Task to complete – Of the lines in the material below, print only those from the one containing "Håndskrevet og signert" to the one containing "冬季蕾丝花边旗袍内搭叠穿打底裙白色针织防走光复古百搭半身衬裙", ends included, exactly as written and without pictures.

*** Opening of Extracted material ***

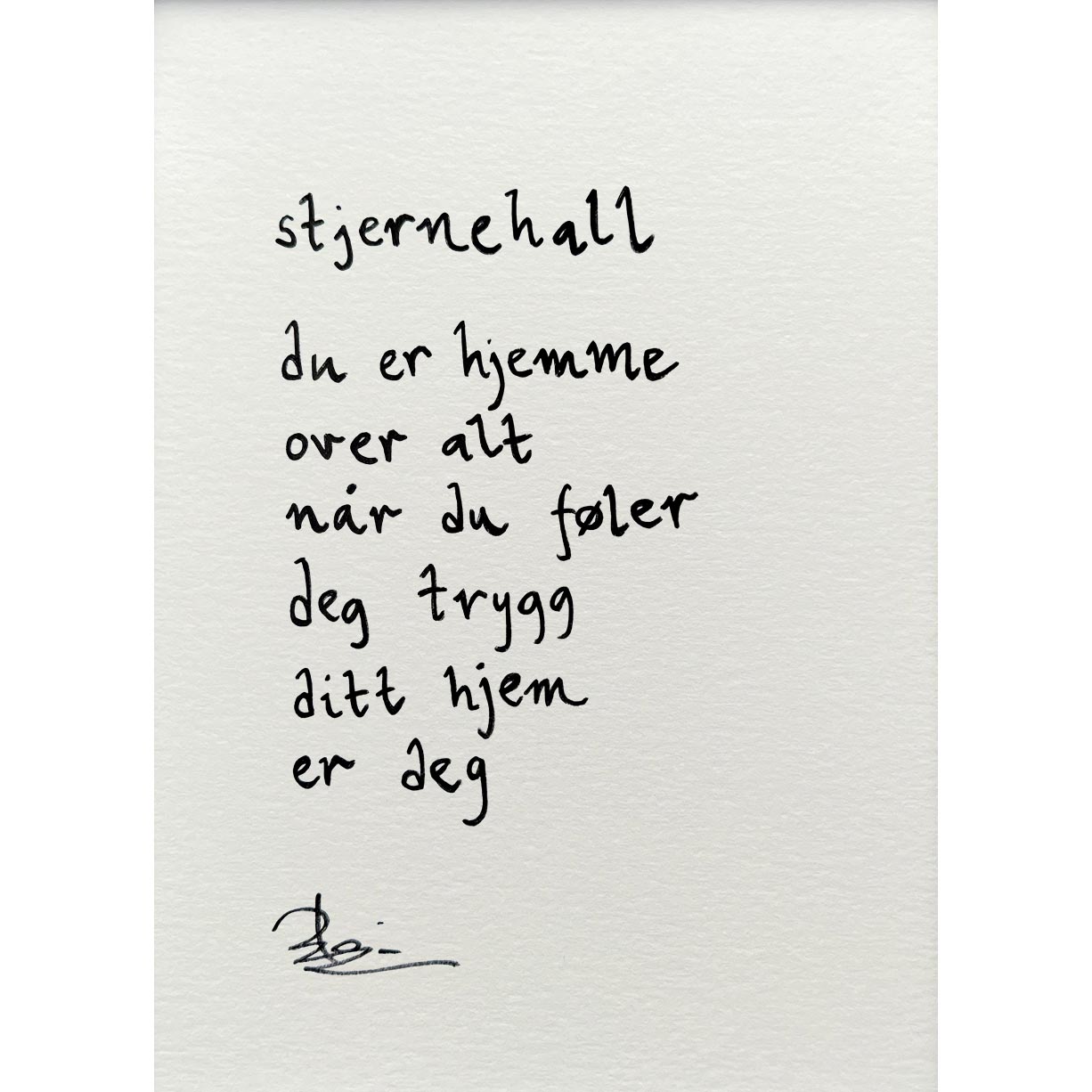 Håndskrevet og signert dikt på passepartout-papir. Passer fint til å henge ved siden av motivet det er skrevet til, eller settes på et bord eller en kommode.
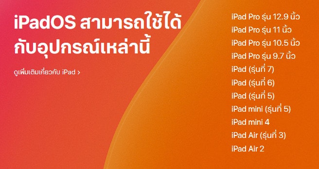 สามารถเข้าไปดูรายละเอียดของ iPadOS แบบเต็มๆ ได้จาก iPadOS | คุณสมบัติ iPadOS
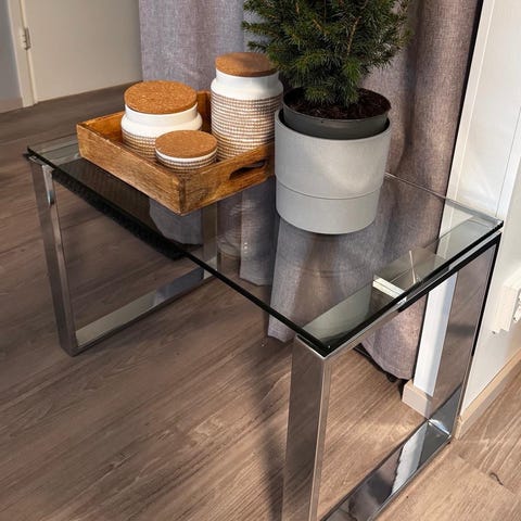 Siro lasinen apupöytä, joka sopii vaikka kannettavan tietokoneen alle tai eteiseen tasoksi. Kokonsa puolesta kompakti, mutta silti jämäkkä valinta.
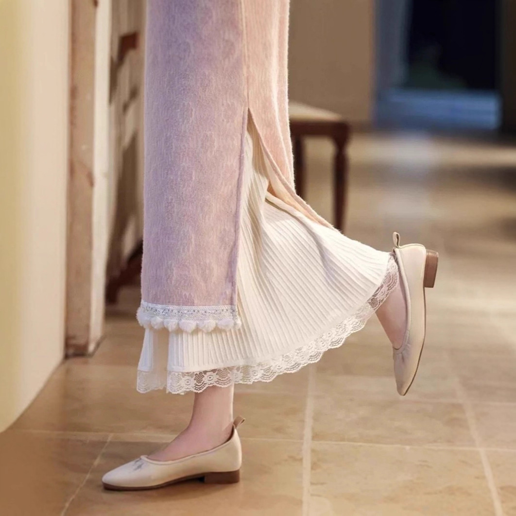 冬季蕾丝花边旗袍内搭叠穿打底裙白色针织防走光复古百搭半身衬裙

*** Close of Extracted material ***
*** Opening of Extracted material ***

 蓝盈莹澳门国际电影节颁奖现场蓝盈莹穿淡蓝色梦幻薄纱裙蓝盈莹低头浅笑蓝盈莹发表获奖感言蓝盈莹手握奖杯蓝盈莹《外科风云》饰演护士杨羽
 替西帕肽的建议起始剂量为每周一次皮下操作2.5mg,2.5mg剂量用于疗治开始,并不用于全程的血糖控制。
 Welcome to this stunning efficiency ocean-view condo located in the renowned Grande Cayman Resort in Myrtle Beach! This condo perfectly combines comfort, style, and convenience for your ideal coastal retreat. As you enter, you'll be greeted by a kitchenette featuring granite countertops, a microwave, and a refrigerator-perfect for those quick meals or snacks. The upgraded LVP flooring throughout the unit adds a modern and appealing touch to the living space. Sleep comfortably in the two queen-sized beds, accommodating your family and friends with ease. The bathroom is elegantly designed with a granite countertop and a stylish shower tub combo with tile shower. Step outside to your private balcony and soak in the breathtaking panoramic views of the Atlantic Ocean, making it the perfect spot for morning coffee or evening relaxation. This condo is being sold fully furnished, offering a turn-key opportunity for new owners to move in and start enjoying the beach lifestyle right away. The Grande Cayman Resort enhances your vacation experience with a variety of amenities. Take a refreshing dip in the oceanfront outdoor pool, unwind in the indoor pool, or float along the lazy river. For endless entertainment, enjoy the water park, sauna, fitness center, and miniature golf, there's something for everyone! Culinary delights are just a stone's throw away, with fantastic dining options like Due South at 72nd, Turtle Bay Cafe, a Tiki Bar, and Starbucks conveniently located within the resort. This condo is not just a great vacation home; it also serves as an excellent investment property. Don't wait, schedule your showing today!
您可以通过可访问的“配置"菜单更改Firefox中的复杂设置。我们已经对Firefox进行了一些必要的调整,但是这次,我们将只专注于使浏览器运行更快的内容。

*** Close of Extracted material ***
*** Opening of Extracted material ***

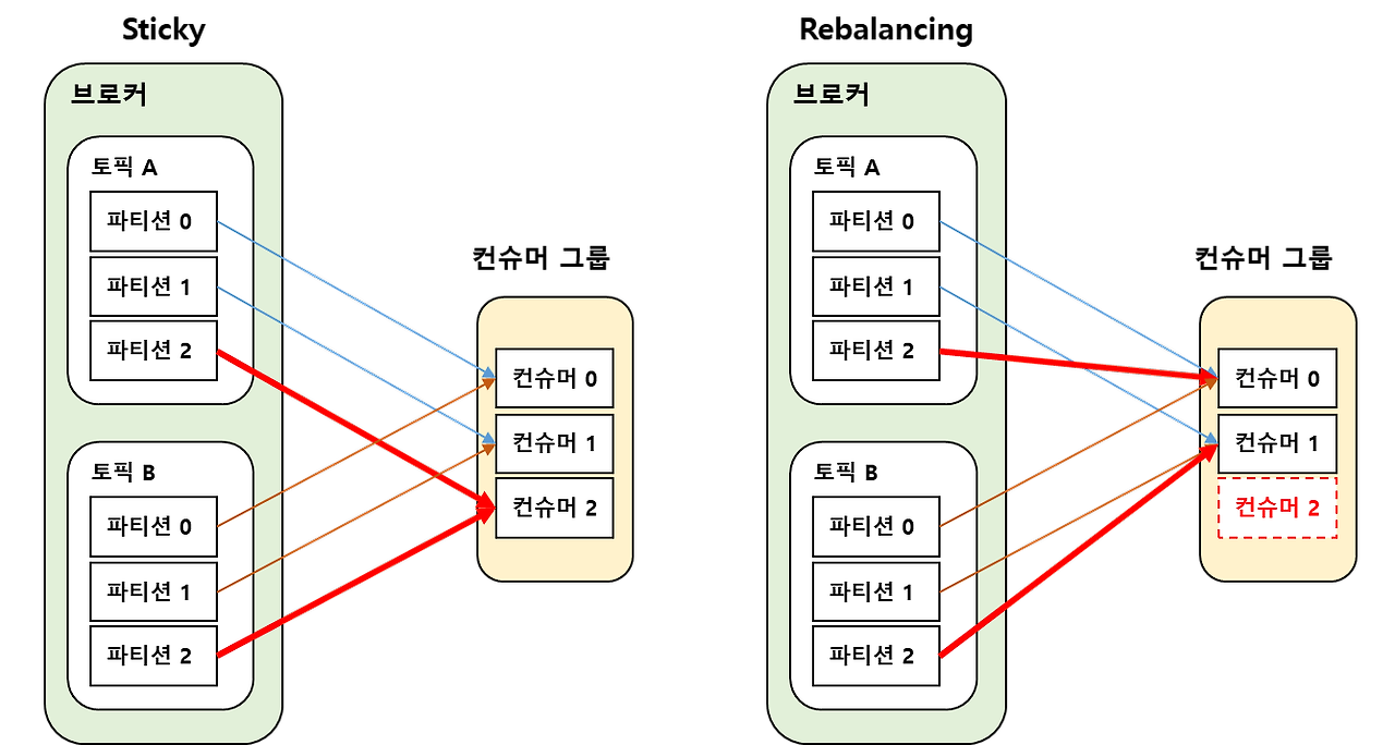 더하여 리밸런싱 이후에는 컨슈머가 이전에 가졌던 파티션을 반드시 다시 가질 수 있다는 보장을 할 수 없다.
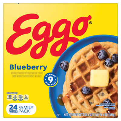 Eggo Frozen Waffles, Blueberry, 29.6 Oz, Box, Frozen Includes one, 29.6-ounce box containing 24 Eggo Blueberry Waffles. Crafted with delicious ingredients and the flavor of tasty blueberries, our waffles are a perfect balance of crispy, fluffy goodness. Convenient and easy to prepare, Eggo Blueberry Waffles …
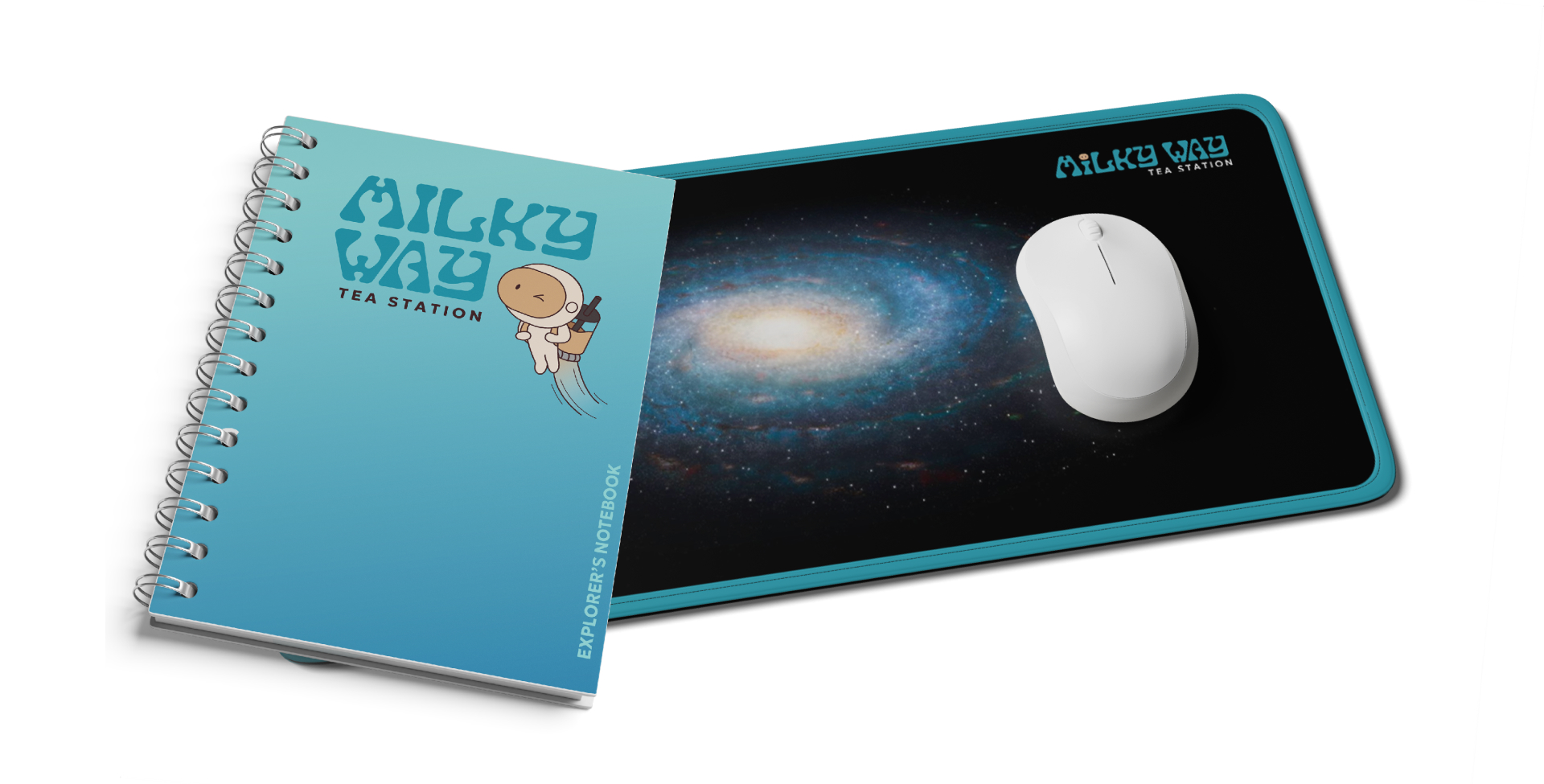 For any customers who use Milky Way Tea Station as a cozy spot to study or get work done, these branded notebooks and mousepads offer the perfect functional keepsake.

*** Close of Extracted material ***

Answer to the exercise –
 Håndskrevet og signert dikt på passepartout-papir. Passer fint til å henge ved siden av motivet det er skrevet til, eller settes på et bord eller en kommode.
 สามารถเข้าไปดูรายละเอียดของ iPadOS แบบเต็มๆ ได้จาก iPadOS | คุณสมบัติ iPadOS
 Siro lasinen apupöytä, joka sopii vaikka kannettavan tietokoneen alle tai eteiseen tasoksi. Kokonsa puolesta kompakti, mutta silti jämäkkä valinta.
 冬季蕾丝花边旗袍内搭叠穿打底裙白色针织防走光复古百搭半身衬裙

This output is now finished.